- [To do] Pictures do not belong in the copy; restate the records below word for word.

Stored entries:
──────────────────────────────

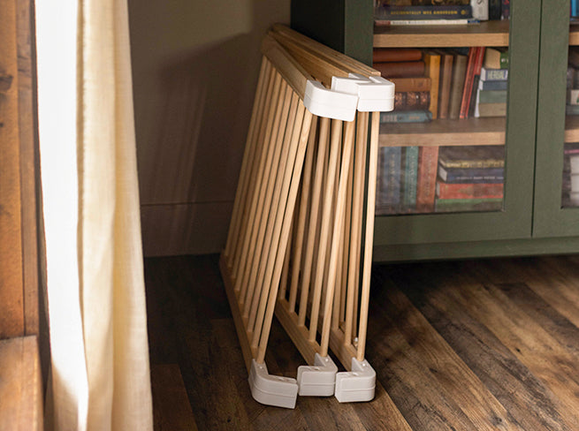【Easy for You, Beautiful for Your Home】Quick to assemble and easy to move, Grovi’s portable, foldable design fits perfectly in small spaces and complements any decor with its clean, natural aesthetic. No tools required — just unfold, secure, and you’re ready to go. To store, simply detach the connectors. The child-proof locking gate adds another layer of safety and convenience.
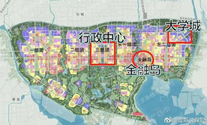 首先看雄安新区规划图:面水而建,形如心形,中间是行政中心,东北角是大学城。
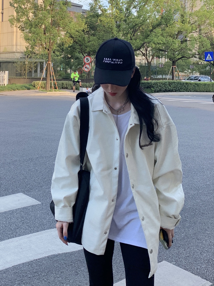 简约帅气的纯色皮衣夹克,采用了夹层式的设计,不仅更好的起到防风保暖性,皮衣面料也是采用的pu皮材质剪裁,使得衣服柔软性很强。宽松的版型搭配立领设计,修饰小巧脸型,对身材的包容性大,轻松遮住腰腹部肉肉,上身显瘦不挑人。门襟单排多扣设计,方便穿脱,美观实用。
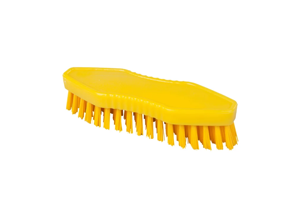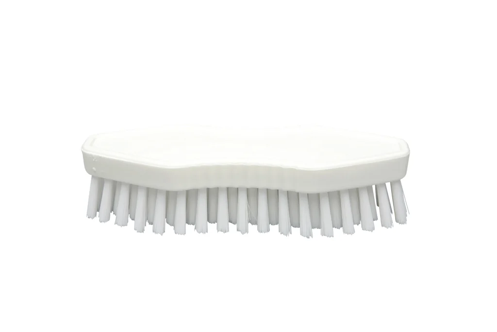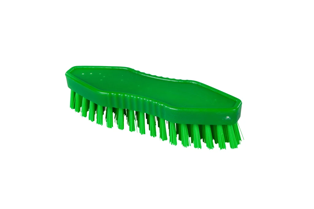 Escobilla de manos con cerdas duras de poliéster PBT, de 0.50 mm de grosor. Perfecta para eliminar suciedad más resistente en tareas de limpieza detallada.
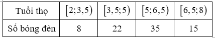 Cho mẫu số liệu ghép nhóm về tuổi thọ (đơn vị tính là năm) của một loại bóng đèn mới như sau:
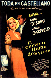 Intérpretes: Lana Turner (Cora Smith), John Garfield (Frank Chambers), Cecil Kellaway (Nick Smith), Leon Ames (Kyle Sackett), Hume Cronyn (Arthur Keats), Audrey Totter (Madge Gorland), Alan Reed (Ezra Liam Kennedy).

──────────────────────────────

- [Solution to the exercise]
【Easy for You, Beautiful for Your Home】Quick to assemble and easy to move, Grovi’s portable, foldable design fits perfectly in small spaces and complements any decor with its clean, natural aesthetic. No tools required — just unfold, secure, and you’re ready to go. To store, simply detach the connectors. The child-proof locking gate adds another layer of safety and convenience.
 首先看雄安新区规划图:面水而建,形如心形,中间是行政中心,东北角是大学城。
 简约帅气的纯色皮衣夹克,采用了夹层式的设计,不仅更好的起到防风保暖性,皮衣面料也是采用的pu皮材质剪裁,使得衣服柔软性很强。宽松的版型搭配立领设计,修饰小巧脸型,对身材的包容性大,轻松遮住腰腹部肉肉,上身显瘦不挑人。门襟单排多扣设计,方便穿脱,美观实用。
 Escobilla de manos con cerdas duras de poliéster PBT, de 0.50 mm de grosor. Perfecta para eliminar suciedad más resistente en tareas de limpieza detallada.
 Cho mẫu số liệu ghép nhóm về tuổi thọ (đơn vị tính là năm) của một loại bóng đèn mới như sau:
 Intérpretes: Lana Turner (Cora Smith), John Garfield (Frank Chambers), Cecil Kellaway (Nick Smith), Leon Ames (Kyle Sackett), Hume Cronyn (Arthur Keats), Audrey Totter (Madge Gorland), Alan Reed (Ezra Liam Kennedy).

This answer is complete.